2022-09-05 Thread Yilun Fan (Jira)


[ 
https://issues.apache.org/jira/browse/SPARK-39546?page=com.atlassian.jira.plugin.system.issuetabpanels:comment-tabpanel=17600346#comment-17600346
 ] 

Yilun Fan commented on SPARK-39546:
---

I made a PR, I think it can resolve this issue.

> Respect port defininitions on K8S pod templates for both driver and executor
> 
>
> Key: SPARK-39546
> URL: https://issues.apache.org/jira/browse/SPARK-39546
> Project: Spark
>  Issue Type: Improvement
>  Components: Kubernetes
>Affects Versions: 3.3.0
>Reporter: Oliver Koeth
>Priority: Minor
>
> *Description:*
> Spark on K8S allows to open additional ports for custom purposes on the 
> driver pod via the pod template, but ignores the port specification in the 
> executor pod template. Port specifications from the pod template should be 
> preserved (and extended) for both drivers and executors.
> *Scenario:*
> I want to run functionality in the executor that exposes data on an 
> additional port. In my case, this is monitoring data exposed by Spark's JMX 
> metrics sink via the JMX prometheus exporter java agent 
> https://github.com/prometheus/jmx_exporter -- the java agent opens an extra 
> port inside the container, but for prometheus to detect and scrape the port, 
> it must be exposed in the K8S pod resource.
> (More background if desired: This seems to be the "classic" Spark 2 way to 
> expose prometheus metrics. Spark 3 introduced a native equivalent servlet for 
> the driver, but for the executor, only a rather limited set of metrics is 
> forwarded via the driver, and that also follows a completely different naming 
> scheme. So the JMX + exporter approach still turns out to be more useful for 
> me, even in Spark 3)
> Expected behavior:
> I add the following to my pod template to expose the extra port opened by the 
> JMX exporter java agent
> spec:
>   containers:
>   - ...
>     ports:
>     - containerPort: 8090
>       name: jmx-prometheus
>       protocol: TCP
> Observed behavior:
> The port is exposed for driver pods but not for executor pods
> *Corresponding code:*
> driver pod creation just adds ports
> [https://github.com/apache/spark/blob/master/resource-managers/kubernetes/core/src/main/scala/org/apache/spark/deploy/k8s/features/BasicDriverFeatureStep.scala]
>  (currently line 115)
> val driverContainer = new ContainerBuilder(pod.container)
> ...
>   .addNewPort()
> ...
>   .addNewPort()
> while executor pod creation replaces the ports
> [https://github.com/apache/spark/blob/master/resource-managers/kubernetes/core/src/main/scala/org/apache/spark/deploy/k8s/features/BasicExecutorFeatureStep.scala]
>  (currently line 211)
> val executorContainer = new ContainerBuilder(pod.container)
> ...
>   .withPorts(requiredPorts.asJava)
> The current handling is incosistent and unnecessarily limiting.
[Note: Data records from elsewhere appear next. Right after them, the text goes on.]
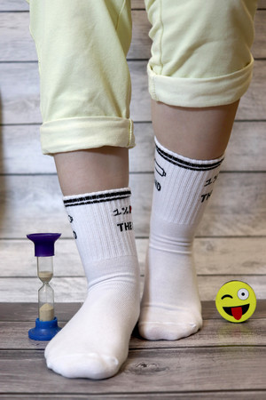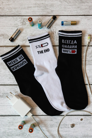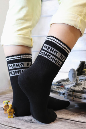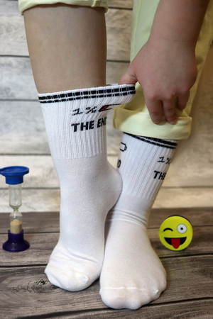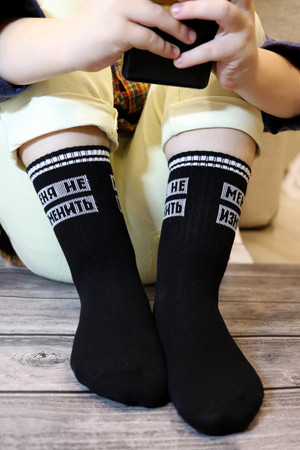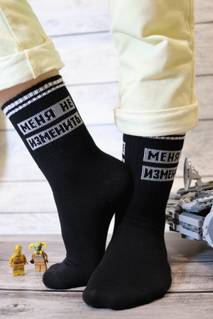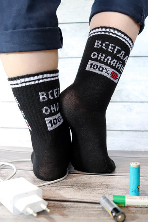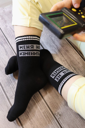 Высокие подростковые носки с широкой резинкой, благодаря которой носки не скатываются и не съезжают. По верху вывязаны 2 контрастные полосы, надписи на резинке. В упаковке 3 пары - по 1 паре каждого вида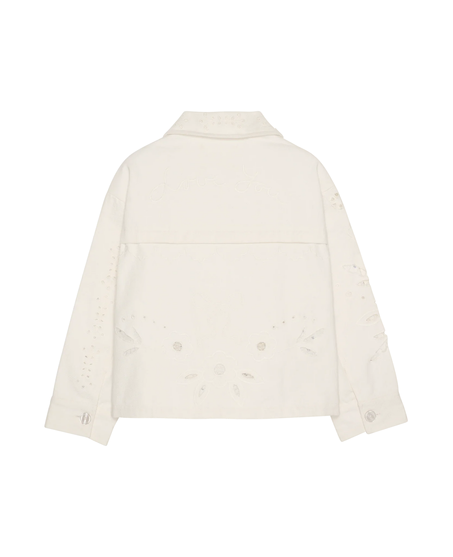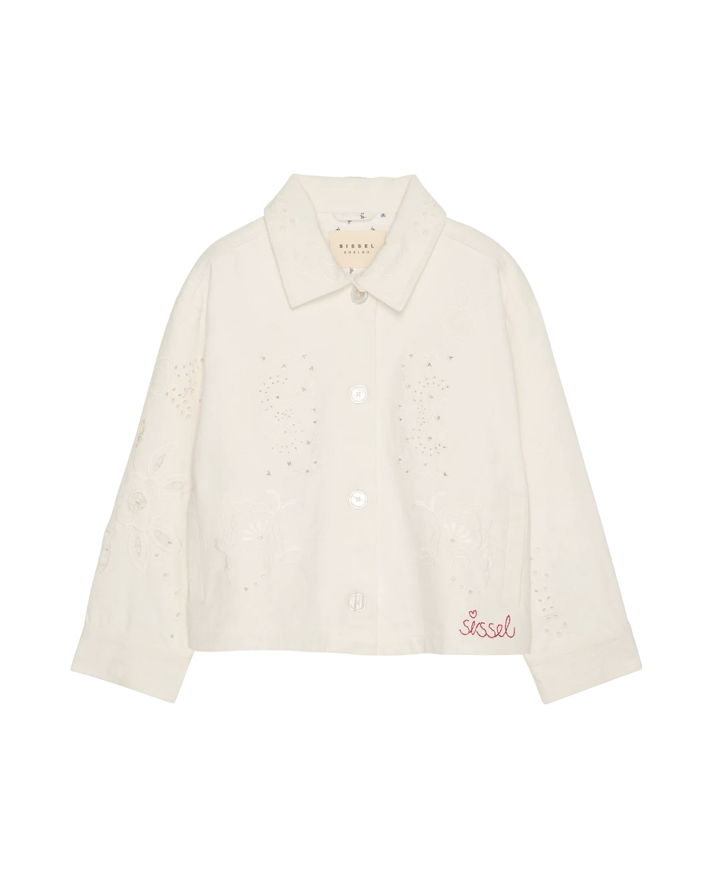 Witte jas van Sissel Edelbo, gemaakt van biologisch katoen-twill. De jas heeft geborduurde bloemdetails op de voorkant en de kraag, evenals grote parelmoerknopen.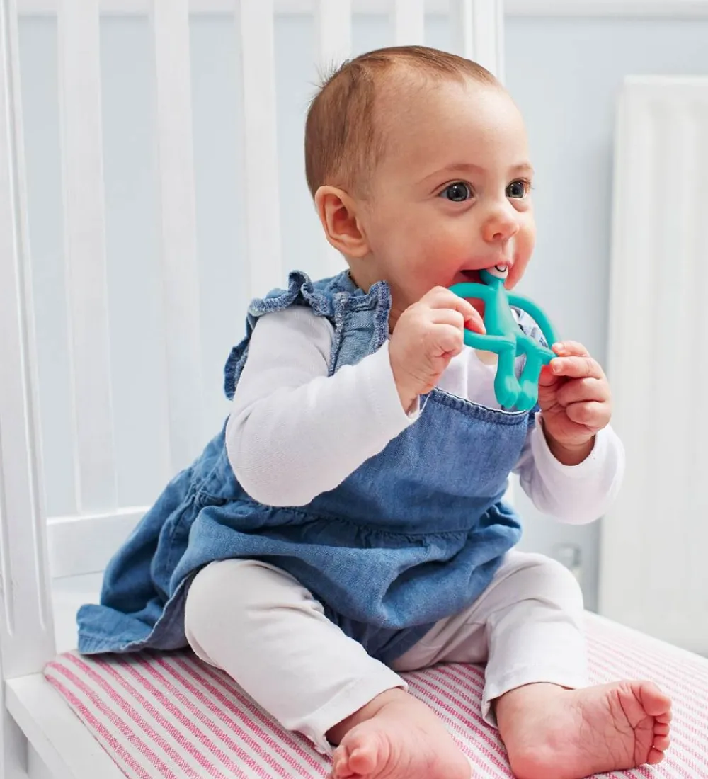 Matchstick Monkey bideringen er i en god kvalitet og hjælper baby med at få stimuleret gummerne når de klør. På bagsiden af hovedet er der små dutter, som kan bruges til at træne de små i at børste tænder. Den ergonomiske form gør det let for selv de helt små at holde fast i den.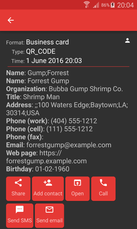 در حال حاضر این برنامه برای خواندن فرمت های زیر طراحی شده است: • اطلاعات تماس (meCard، vCard) • رویداد تقویم (iCalendar) • شبکه Wi-Fi • محل جغرافیایی • مبلغ پرداختی • SPD (توصیفگر پرداخت کوتاه) • بیت کوین (BIP 0021) • شماره تلفن • پست الکترونیکی (استاندارد W3C، NTT DoCoMo – MATMSG، OMI @) • URL وب لینک فروشگاه Google Play • پیامک • کتاب ها • محصولات • متن ساده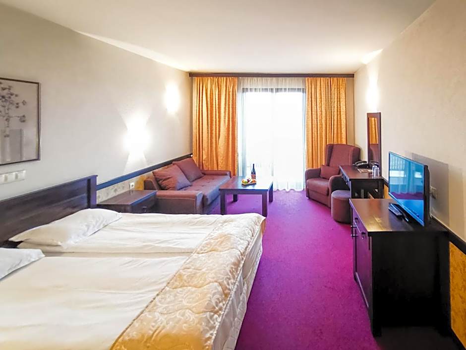 This twin/double room features a cable TV and seating area. Free use of the indoor pools, the sauna and the steam bath are included.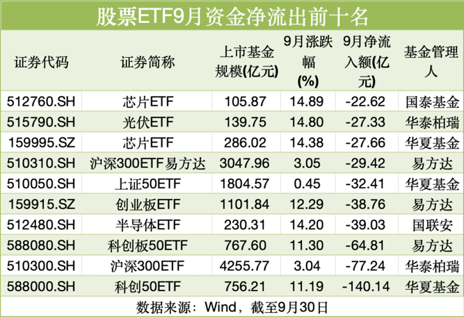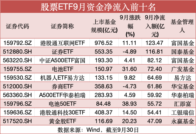 9月份超千亿元资金涌入股票ETF市场,单只产品也出现较为可观的资金净流入,部分股票ETF资金净流入超过百亿元。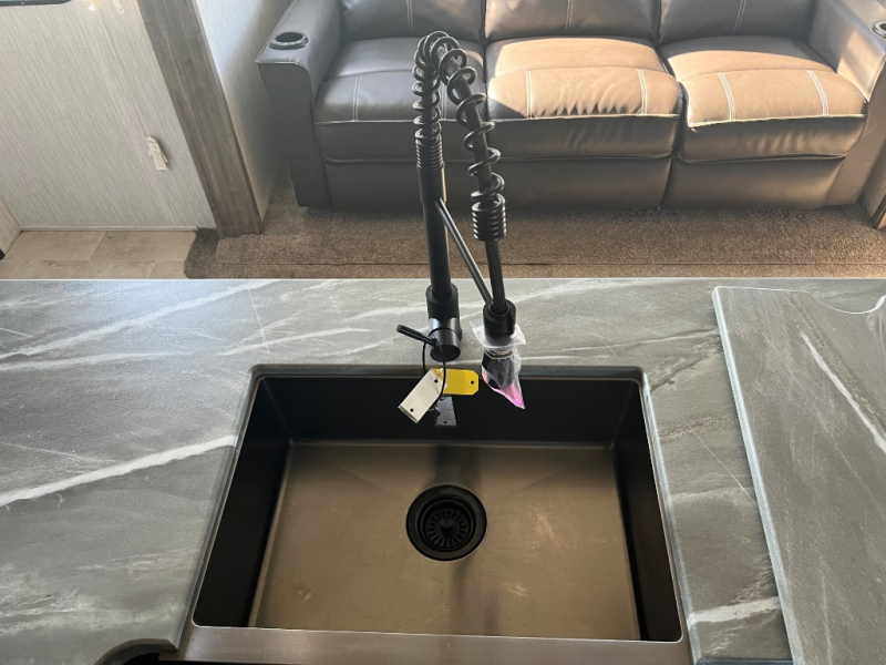 The Vengeance Rogue by Forest River is a budget-friendly toy hauler that you can really get on board with! Some of the features within the Rogue Platinum Package are the zebra shades that will keep light out, a glass shower enclosure, ultracold heated holding tank pads, and much more. There is an outside shower with hot and cold water so you can fill the dogs water bowl or wash the mud from your riding gear, and the enclosed underbelly will allow you to extend your camping season. You will love the look of the residential black stainless steel farm sink, along with the seamless countertops and LED interior lighting with accents.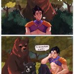 Vgtta es un explorador que tiene la habilidad de entender y comunicarse con animales salvajes. Rbiuss y Sprn son dos osos salvajes q sorprendidos no entienden como V los comprende AJSJJAJA perdón, quería hacer algo con esto #sprndobluque #rubegettafanart #rubegetta

It seems that 
> the executor creation could/should just as well preserve pods from the 
> template and add extra required ports.
> *Workaround:*
> It is possible to work around this limitation by adding a full sidecar 
> container to the executor pod spec which declares the port. Sidecar 
> containers are left unchanged by pod template handling.
> As all containers in a pod share the same network, it does not matter which 
> container actually declares to expose the port.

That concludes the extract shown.